Care tips

Two months of tracking my Bull Terrier's skin — how I finally found the trigger

12 March 2026

My Bull Terrier's skin kept flaring up and I couldn't work out why. I changed his food. I tried a different shampoo. I avoided grass for a week. Nothing seemed to make a consistent difference. Then I started logging everything — body areas, timing, food, walks, cleaning products. Two months later, the trigger was obvious. Here's how the tracking process worked and what it revealed.

Data: what to log

Collect for at least two weeks. Consistency reveals patterns.

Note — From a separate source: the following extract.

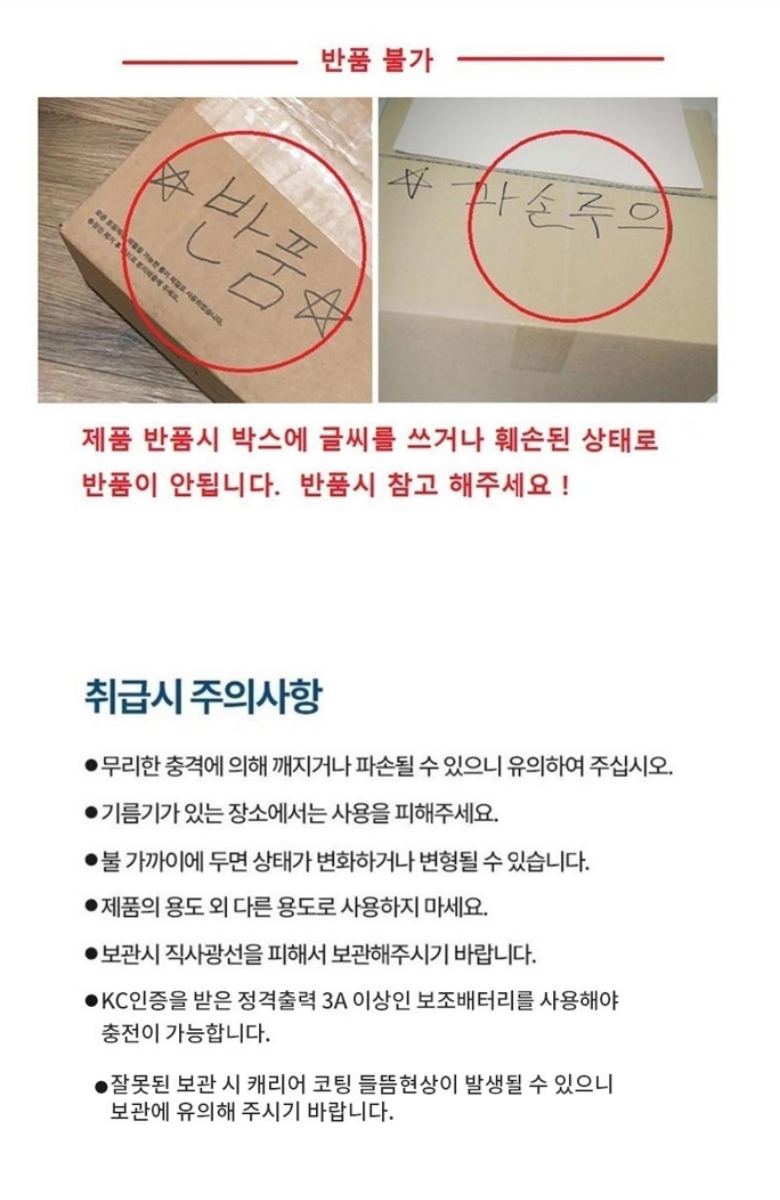 | 교환/반품 신청 기준일 | ㆍ단순변심에 의한 교환/반품은 제품 수령 후 7일 이내까지, 교환/반품 제한사항에 해당하지 않는 경우에만 가능 (배송비용과 교환/반품 비용 왕복배송비 고객부담) ㆍ상품의 내용이 표시·광고의 내용과 다른 경우에는 상품을 수령한 날부터 3개월 이내, 그 사실을 안 날 또는 알 수 있었던 날부터 |

  • Body areas — paws, ears, belly, face, armpits, groin
  • Itch intensity — 1–5 scale or mild/moderate/severe
  • Skin changes — redness, rash, hair loss, hot spots
  • Timing — time of day, season, after walks or meals
  • Food — every ingredient, treats, table scraps, chews
  • Environment — walk surfaces, pollen count, humidity
  • Contact — floor cleaners, laundry detergent, bedding, collars
  • Medications and topicals — what you use and when

Insight: what the data tells you

Environmental allergies often affect paws, belly, and face—worse after grass walks, in pollen season, or in damp conditions. Food allergies can cause year-round itch, ear infections, and sometimes digestive signs—patterns may lag 24–72 hours after eating. Contact allergies affect areas that touch the irritant—belly, paws, neck—and may improve when you change products.

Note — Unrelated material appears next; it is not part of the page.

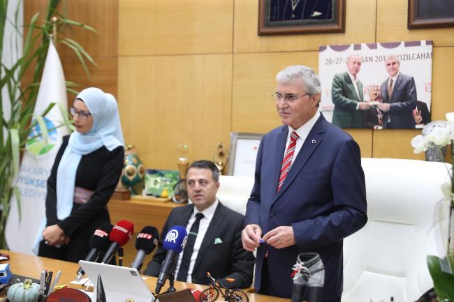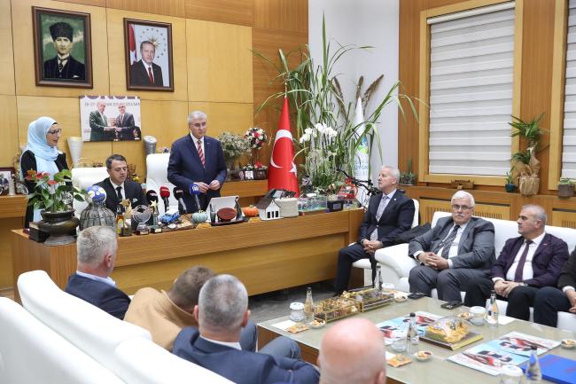 Sakarya, Bosna Hersek’in Visoko Belediyesi ‘kardeş şehir’ protokolünü imzaladı. Visoko’dan gelen kalabalık heyeti ağırlayan Başkan Ekrem Yüce, Bosna ile diller farklı olsa da kalplerin birlikte olduğunu söyledi. Yüce, “Dilimiz farklı olabilir, coğrafyamız aynı olmayabilir ama zihin dünyamız, hassasiyetimiz aynı. Aynı davanın yolcusu, aynı ağacın dalıyız. Kardeşliğimiz daim olsun” dedi. Visoko Belediye Başkanı Mirza Ganić ise, “Pozitif bir hikâyeyi bu imzayla başlattık ve sayfalarını birlikte yazacağız” dedi.Sakarya Büyükşehir Belediye Başkanı Ekrem Yüce, Bosna Hersek Visoko Belediye Başkanı Mirza Ganić ve beraberindeki heyeti makamında ağırladı. Daha öncesinde ‘İyi Niyet’ protokolü ile bir araya gelen Başkan Yüce ve Bosna heyeti, şimdi ise ‘Kardeş Şehir’ protokolüne kültürden ticarete, ekonomiden turizme kadar pek çok alanda birbirine katkı sağlamak adına karşılıklı olarak imzaları attı.“Mesafeleri yok sayıyoruz”Kardeşlikle atılacak her adımın yeni bir başlangıç olacağını ve Visoco ile diller farklı olsa da gönüllerin bir olduğunu ifade eden Yüce, “Her adımımızı kardeşlikle, birliktelik duygusuyla atıyoruz. Devletimize sahip çıkıyor, kardeş kentle mesafeleri yok sayıyoruz” vurgusu yaptı. Kardeş şehirlerle hayatın her alanında yeni projeler üreterek hayata geçireceklerini kaydeden Yüce, zulüm altında olan Filistin’i hatırlatarak ellerinden gelen her türlü yardımı ve desteği o bölgeye de vereceklerini ifade etti.“Diller farklı, kalpler bir…”Yüce, “Sakarya’da kimsenin kökenine, diline, dinine, rengine veya kültürüne, hiçbir farklılığına bakmadan; kalbimiz hemşerilerimize dönük şekilde hizmet etme gayreti içerisindeyiz. Bugün konuştuğumuz diller farklılık gösterebilir, yaşadığımız coğrafya farklılık gösterebilir ama bizim zihin dünyamız, hassasiyetimiz aynıdır. Bizler aynı davanın yolcusu, aynı ağacın dallarıyız. Büyükşehir olarak her adımımızı hem kardeşlik hem birliktelik duygusuyla atıyoruz” dedi.Kardeşliğimizi sağlamlaştırıyoruzKardeş şehirlerle vatana, memlekete faydalı işler yapacaklarını kaydeden Yüce, “Ülkemize, devletimize, bayrağımıza, dinimize, dilimize ve mazluma sahip çıkıyor, bununla da gurur duyuyoruz. Karşılıklı iş birliğinin kurulmasına destek olacak Kardeş Kent ile aramızdaki mesafeleri yok sayıyoruz. Kültürel ve tarihi mirasın korunmasına yönelik projeler geliştiriyoruz. Kardeş şehirlerle nice güzel, vatana, millete katkı sunacak işler yapmayı diliyor kardeşliğimizin daim olması temennimi sunuyorum” ifadelerini kullandı.Kardeş şehirler birbirini tanımalıVisoko Belediye Başkanı Mirza Ganić ise,“Sakarya bizim kardeş belediyemiz. Bu iade ziyareti pozitif hikayelerin bir başlangıcı ve sayfalarını beraber yazacağız. Her açıdan önümüzdeki sene ‘Türkiye Yüzyılı’ olsun. Visoko, büyük bir ticaret ağına sahip ve biz bunu değerlendirmek istiyoruz. Ağabey konumunda olan kardeşler küçüğünün her zaman daha iyi olmasını ister. Bende birbirimizi daha iyi şekilde tanımamızı istiyor beraber daha iyi projelere adım atmak istiyorum. Tarım, hayvancılık, turizm gibi alanlarda sizleri bekliyoruz. Tüm lojistik desteği de sağlayacağız. Ekrem başkan gibi bir başkana sahip olduğunuz için çok mutlu oldum” dedi.“Zulme karşı durmazsak utanç duyarız…”Ayrıca, Filistin’de devam eden zulmü hatırlatarak çağrı yapan Başkan Yüce, “Biliyorsunuz ki Filistin’e gitmek üzere sahra hastanelerimiz ve gemilerimiz yola çıktı. Elimizden gelen bu. Bu zulme karşı durmazsak utanç duyarız. Onların özgürlüğe kavuşacağına inanıyoruz ve dua ediyoruz” dedi. Başkan Yüce, imza töreni sonrasında misafirlere Sakarya hatırası olarak birçok hediye takdim etti ve günün anısına fotoğraflar çekildi.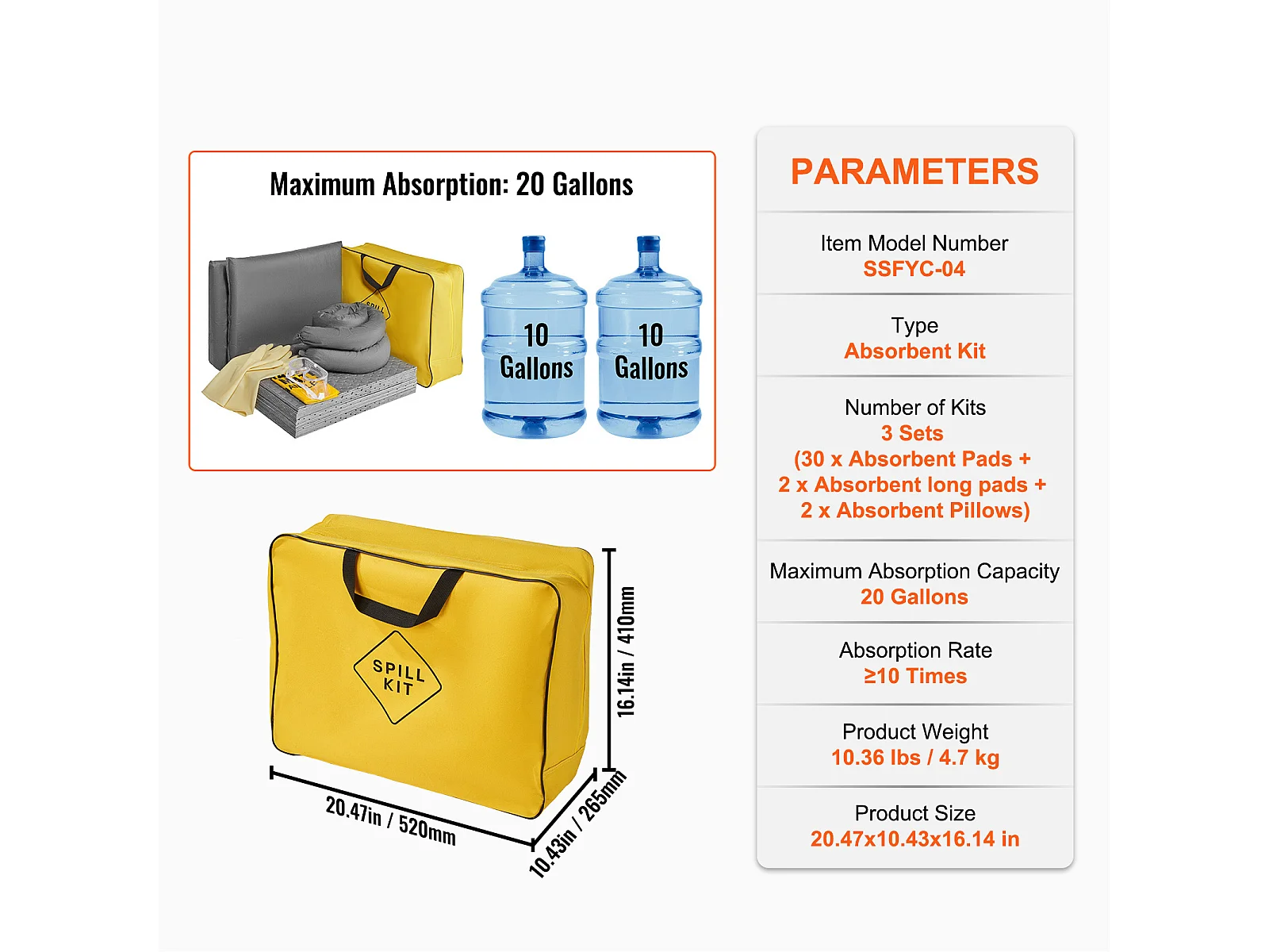 Kit Anti-Déversement Universel SucceBuy, Tampons Absorbants, Chaussettes, Oreillers, Fournitures de Contrôle des Déversements

Cross-reference: if itch spikes in spring and improves indoors, pollen is likely. If it worsens within days of a new food, trial an elimination. If it worsens after cleaning, switch to fragrance-free, hypoallergenic products.

Action: what to do

Immediate: Rinse paws and belly after grass walks. Switch to fragrance-free laundry and floor cleaners. Avoid bathing too often—it strips protective oils.

Food elimination: Work with your vet on an 8–12 week trial. Single novel protein, single carb. No treats, table scraps, or flavoured medications. Reintroduce one ingredient at a time to confirm triggers.

Environmental: Wipe paws after walks. Consider antihistamines or immunotherapy if your vet recommends—never self-prescribe.

Vet visit: See your vet if skin breaks, bleeds, or gets infected; if itching is severe; or if symptoms persist. Bring your logs and elimination notes.